Hebrews 12:9 Moreover we have all had human fathers who disciplined us and we respected them for it. How much more should we submit to the Father of spirits and live?

I should be pointed out that not everyone has an awesome godly earthly father. That is not an excuse to reject God as Heavenly Father. It should be a propellant towards Him. Why? It’s not about you. It’s not about me.

The discipline of God is not abuse. The value of His correction outweighs the burden of our pride. The trash of bad behavior has got to go. Our sin was paid for on the cross. It isn’t that I was worth so much, it was that Jesus was willing to pay so much.

God always has a plan. With Eli and the boys making a mockery of His temple God calls Samuel. The Bible says “And the Lord appeared again at Shiloh, for the Lord revealed himself to Samuel at Shiloh by the word of the Lord.” Shiloh means “peace”. God returned at peace once His house was clean. Was Eli still there? Yes, but he and his filthy family were already spiritually replaced. God set up the spiritual and the natural followed through.

When I take my bin to the curb I technically still have that trash. I could walk out and bring it all back into the house. I could open the bags and place the rotten refuse in different rooms of my house. I could happily proclaim, “I do not need a garbage truck!” Except if any of that stuff had value I would have kept it in the first place. It was thrown out for a reason. It no longer contained life. A guest in my house seeing piles of trash would certainly be alarmed. Even more so if my pride in my trash outweighed my responsibility to the upkeep of my house. Too many people are currently declaring they do not need a Savior. It should break every believers heart.

The Holy Spirit is so loving with guiding us in throwing out the trash of our sin. Repentance is not always easy. It’s hard to throw away years of bad attitudes, fixed mindsets, and hard hearted behaviors especially if they are generational. At any point Hophni and Phineas could have turned and repented. They could have become true priest of the Living God but they chose to continue in their synagogue backed paganism.

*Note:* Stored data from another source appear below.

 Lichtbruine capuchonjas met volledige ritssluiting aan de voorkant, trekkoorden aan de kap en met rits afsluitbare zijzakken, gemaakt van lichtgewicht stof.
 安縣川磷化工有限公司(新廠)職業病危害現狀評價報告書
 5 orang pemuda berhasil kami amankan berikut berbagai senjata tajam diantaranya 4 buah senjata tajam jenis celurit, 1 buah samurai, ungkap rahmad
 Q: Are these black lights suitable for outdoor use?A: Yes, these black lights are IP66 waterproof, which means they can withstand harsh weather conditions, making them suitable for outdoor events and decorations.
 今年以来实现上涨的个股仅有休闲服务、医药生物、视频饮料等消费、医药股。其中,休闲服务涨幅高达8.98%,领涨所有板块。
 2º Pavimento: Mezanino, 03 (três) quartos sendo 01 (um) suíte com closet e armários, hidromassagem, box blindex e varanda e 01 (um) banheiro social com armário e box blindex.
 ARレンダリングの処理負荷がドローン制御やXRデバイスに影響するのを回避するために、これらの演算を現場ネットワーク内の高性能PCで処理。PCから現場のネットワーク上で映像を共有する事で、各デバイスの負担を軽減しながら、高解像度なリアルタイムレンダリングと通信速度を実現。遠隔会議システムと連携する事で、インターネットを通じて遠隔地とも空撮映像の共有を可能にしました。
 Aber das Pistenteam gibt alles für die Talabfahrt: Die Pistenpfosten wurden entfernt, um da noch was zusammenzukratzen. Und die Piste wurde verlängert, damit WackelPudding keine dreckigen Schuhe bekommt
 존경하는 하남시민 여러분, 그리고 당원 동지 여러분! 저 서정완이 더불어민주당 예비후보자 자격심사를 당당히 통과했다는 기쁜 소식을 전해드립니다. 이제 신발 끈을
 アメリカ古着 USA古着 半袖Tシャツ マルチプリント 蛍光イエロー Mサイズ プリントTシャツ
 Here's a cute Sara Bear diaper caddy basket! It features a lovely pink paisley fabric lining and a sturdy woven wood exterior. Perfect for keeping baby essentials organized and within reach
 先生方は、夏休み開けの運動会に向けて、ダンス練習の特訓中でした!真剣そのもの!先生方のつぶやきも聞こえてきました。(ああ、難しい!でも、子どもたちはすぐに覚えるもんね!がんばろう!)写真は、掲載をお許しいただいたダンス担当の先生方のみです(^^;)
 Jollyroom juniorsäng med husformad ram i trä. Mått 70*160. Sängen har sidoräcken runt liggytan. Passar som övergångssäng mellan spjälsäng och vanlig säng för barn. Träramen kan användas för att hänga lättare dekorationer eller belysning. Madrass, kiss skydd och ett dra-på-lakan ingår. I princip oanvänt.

What will it take for us to grow so much in the Lord that He appears to us in peace? I’m not preaching peace and safety where there is none. We can be at peace with God even as the world around us is at war. We can worship in spirit and in truth and not offer profane fire. We can hold each other accountable and be accountable to others ourselves. The unteachable and unrepentant heart will prostitute the word of the Lord and cause nothing but discord.

Samuel had a long career as a prophet of God that was marked by two roles: prayer and instruction. We should be in prayer to fill spiritual trash bags with everything God wants us to get rid of. There should be no grumbling at the cost of the bags; we didn’t pay it anyway. Reversely, there should be no bragging about ho many bags we can fill if we never intend to get rid of them. We should be following God’s instructions on how to completely be rid of the refuse. God wants a clean house. Just as the temple where Samuel served was the house of the Lord, so is the body of the true believer.

It’s time to take the trash of sin to the curb. Bag it. Box it. Bundle it. But don’t bring it back into the house.

1 Comment

  1. Excellent!!! I especially liked this line, “The unteachable and unrepentant heart will prostitute the word of the Lord and cause nothing but discord.” Wow! Thanks for putting this out there.